日本語の動詞「いく」のテンス,アスペクトの機能をもつ補助動詞への文法化
―英語の動詞“go”との比較を通して―
高梨 博子(日本女子大大学院)
文法化とは,ある内容語が文法的な機能をもつ語へ変わることであり,この現象は諸言語において普遍的なものだとされている.本研究では,互いに相当する意味をもつ動詞「いく」と“go”の文法化を比較することによって,文法化の普遍性の中にも,言語による特徴的な現象があることを示すことを目的とする.

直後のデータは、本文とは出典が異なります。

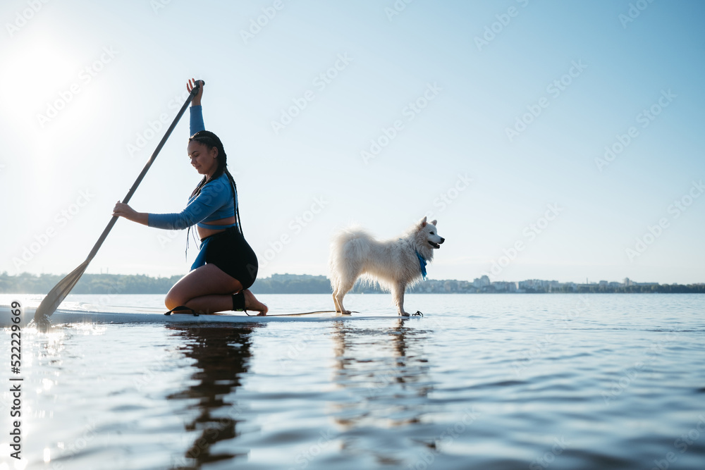 Woman Paddleboarding on the City Lake at Early Morning with Her Dog Japanese Spitz Sitting on the Sup Board
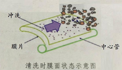 物理清洗是利用机械性的冲刷来去除膜元件的污染物,以恢复膜元件的性能,如可采用湍流、振动、水气混合、超声波等物理方法将吸附在膜元件上的污染物冲洗掉。如图所示:
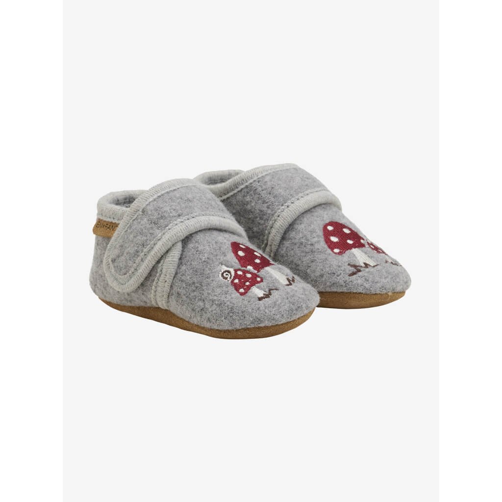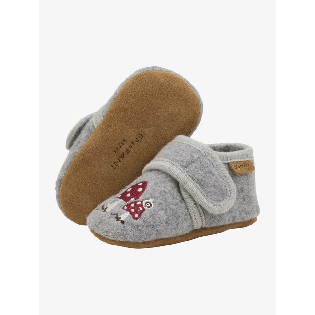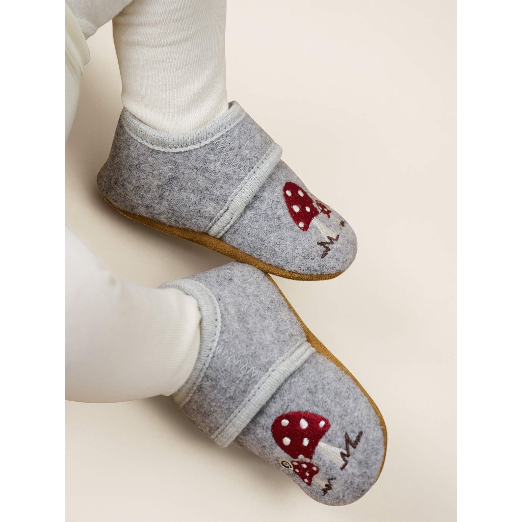 Dětské bačkůrky (capáčky) 100% vlna En Fant - šedé s výšivkou Muchomůrka

“go”は,もともと空間的概念と時間的概念をもち,そのうちの空間的概念が土台となって,近い未来を表す広い意味でのテンスマーカー“be going to”に文法化されていることが知られている.
「いく」については,文学作品から,他の動詞の後に表れる動詞として使われている表現を通時的に収集・分析をおこなった.その結果,まず,「いく」には,古くから空間的概念と同時に時間的概念も備わっていることがわかった.また,「衰えゆく」のように,他の動詞の後に表れる形の「いく」で時間的概念をもつものは,動作の継続・進行を表すアスペクトの機能をもつ補助動詞に文法化されており,「遊んでいけよ」のように,他の動詞の後に表れる形の「いく」で,空間的概念をもつが意味的には前の動詞の動作のみがとられるものは,近い未来を表すという,広い意味でのテンスの機能をもつ補助動詞に文法化されていることがわかった.
文法化の普遍性として,「いく」も“go”も本来もっている空間的概念からテンスという時間的機能をもつ語へ文法化されていることがわかった.また,文法化の言語による差異として,「いく」は時間的概念からアスペクトという時間的機能をもつ語へ文法化されているのに対し,“go”には時間的概念からの文法化がみられないことを示した.